-------- Data block

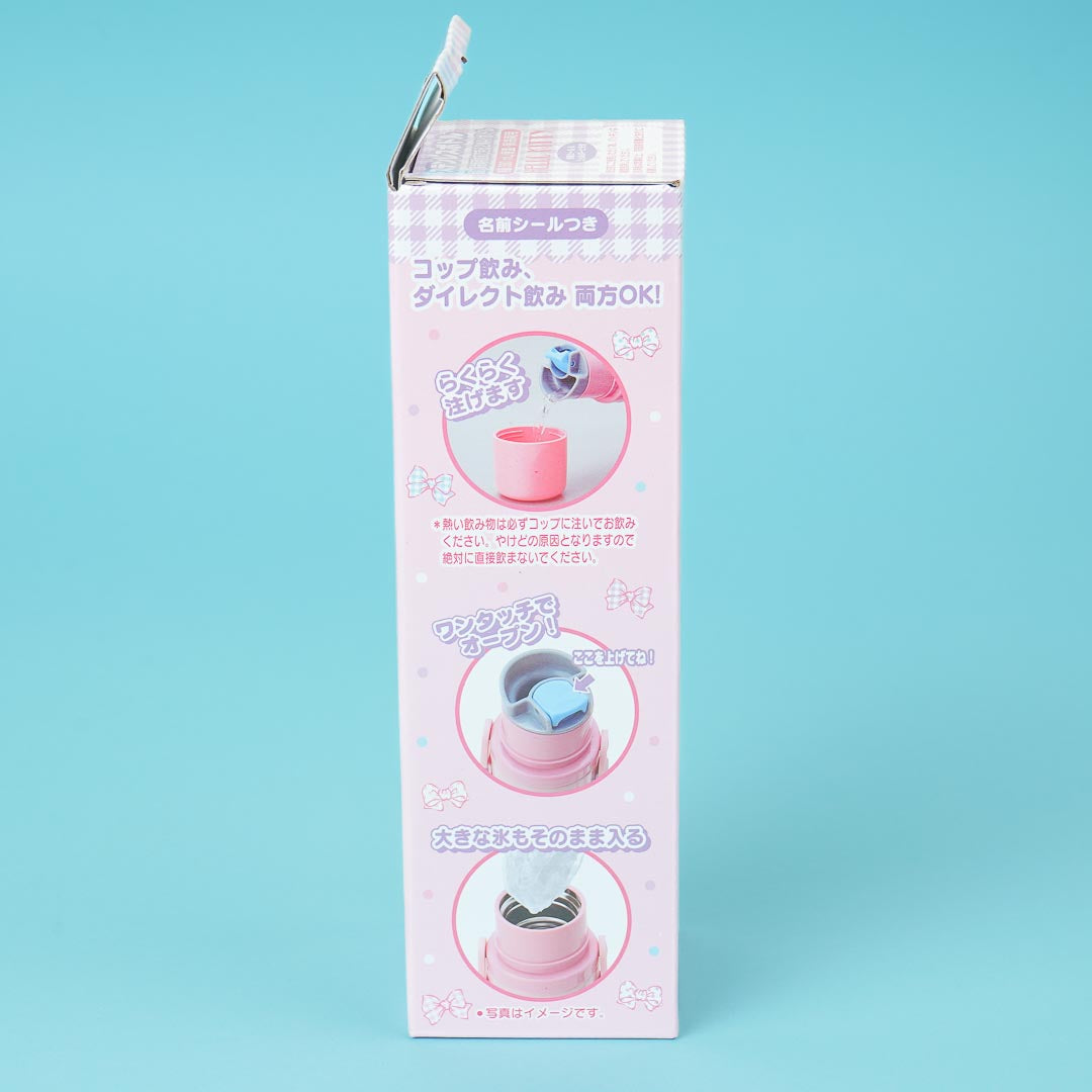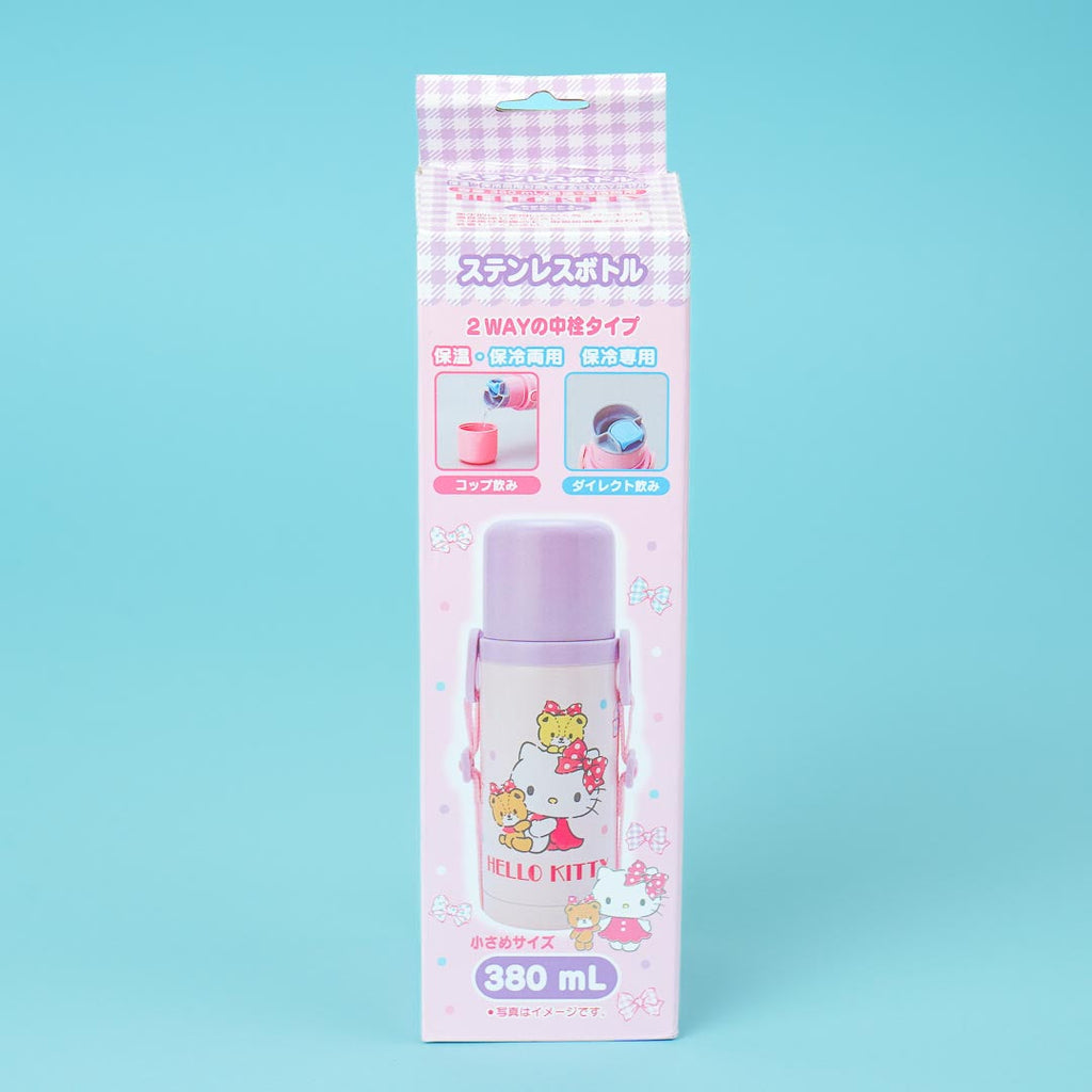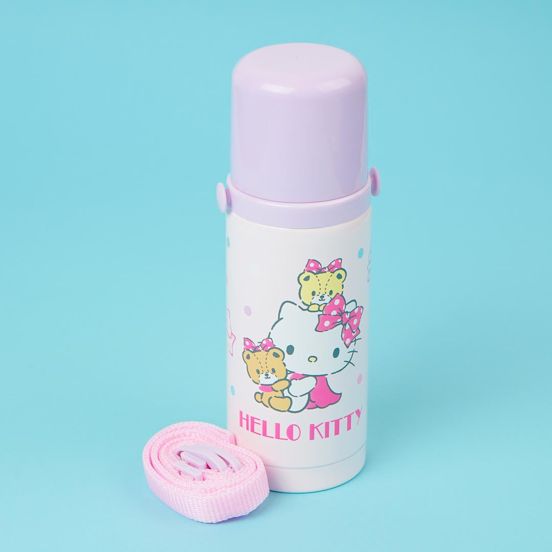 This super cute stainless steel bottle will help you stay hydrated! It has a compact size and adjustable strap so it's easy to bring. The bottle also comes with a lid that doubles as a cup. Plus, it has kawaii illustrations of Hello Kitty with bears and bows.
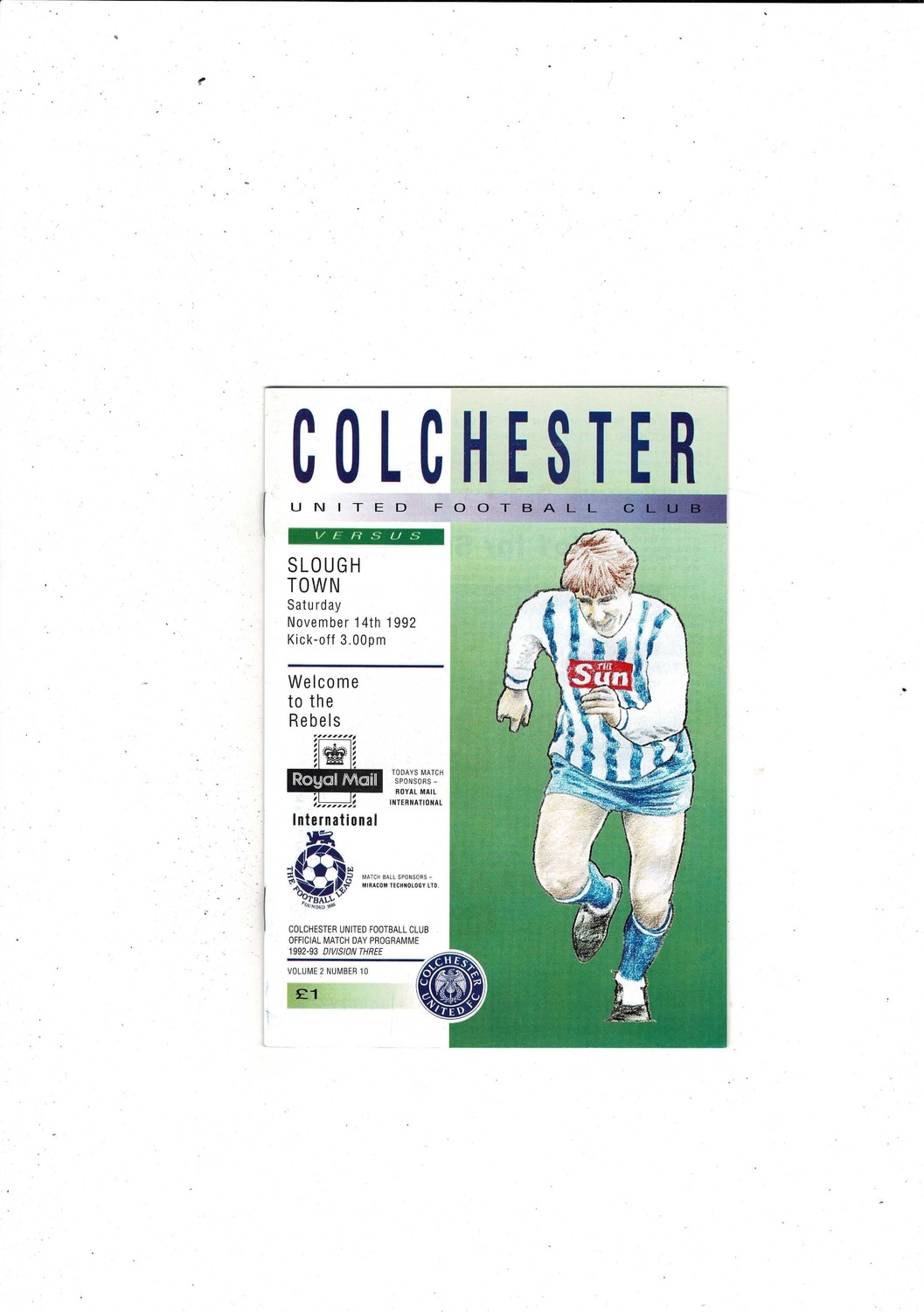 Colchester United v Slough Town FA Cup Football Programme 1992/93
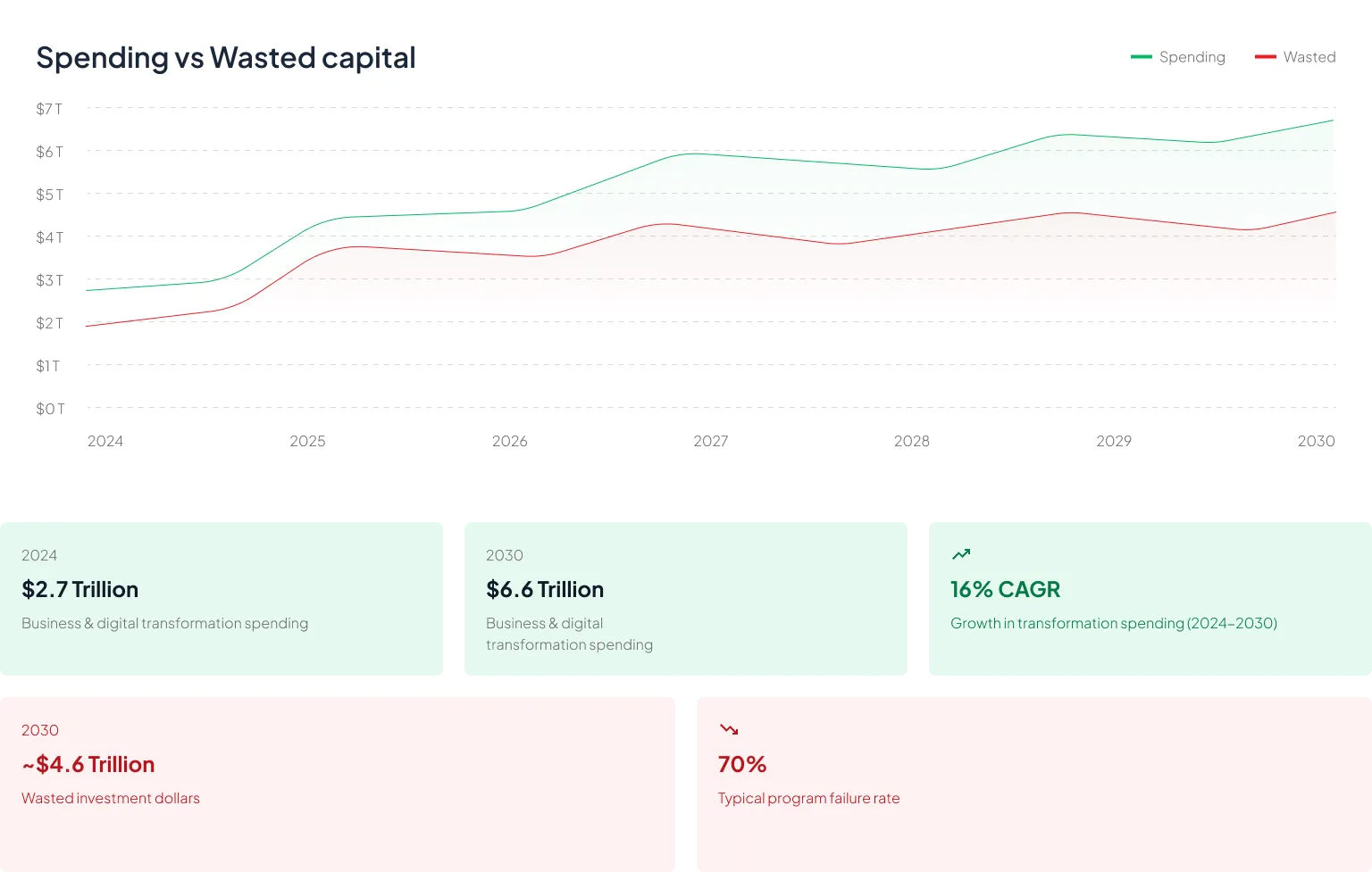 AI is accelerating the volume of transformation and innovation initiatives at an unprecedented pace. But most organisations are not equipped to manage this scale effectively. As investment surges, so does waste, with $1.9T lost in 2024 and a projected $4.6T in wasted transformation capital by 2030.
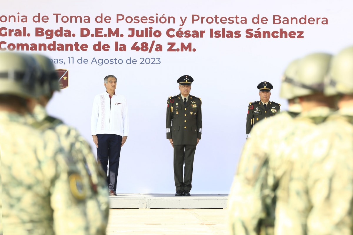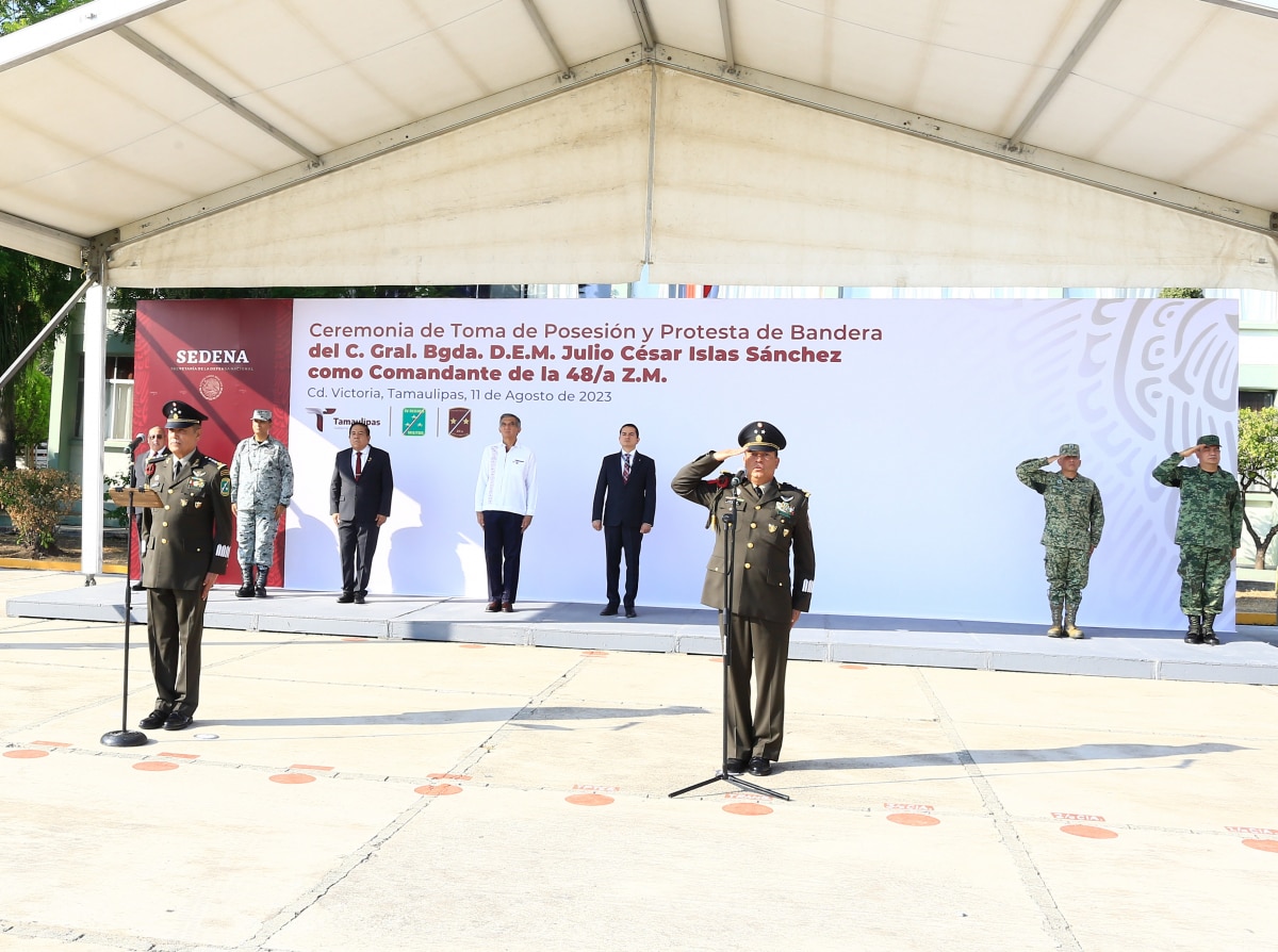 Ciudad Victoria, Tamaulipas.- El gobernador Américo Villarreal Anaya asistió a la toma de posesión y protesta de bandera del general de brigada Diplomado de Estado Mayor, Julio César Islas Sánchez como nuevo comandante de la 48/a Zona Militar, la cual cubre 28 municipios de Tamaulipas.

----------------

What you have to do
Transcribe all of the material exactly and leave out its pictures.

Task result
 This super cute stainless steel bottle will help you stay hydrated! It has a compact size and adjustable strap so it's easy to bring. The bottle also comes with a lid that doubles as a cup. Plus, it has kawaii illustrations of Hello Kitty with bears and bows.
 Colchester United v Slough Town FA Cup Football Programme 1992/93
 AI is accelerating the volume of transformation and innovation initiatives at an unprecedented pace. But most organisations are not equipped to manage this scale effectively. As investment surges, so does waste, with $1.9T lost in 2024 and a projected $4.6T in wasted transformation capital by 2030.
 Ciudad Victoria, Tamaulipas.- El gobernador Américo Villarreal Anaya asistió a la toma de posesión y protesta de bandera del general de brigada Diplomado de Estado Mayor, Julio César Islas Sánchez como nuevo comandante de la 48/a Zona Militar, la cual cubre 28 municipios de Tamaulipas.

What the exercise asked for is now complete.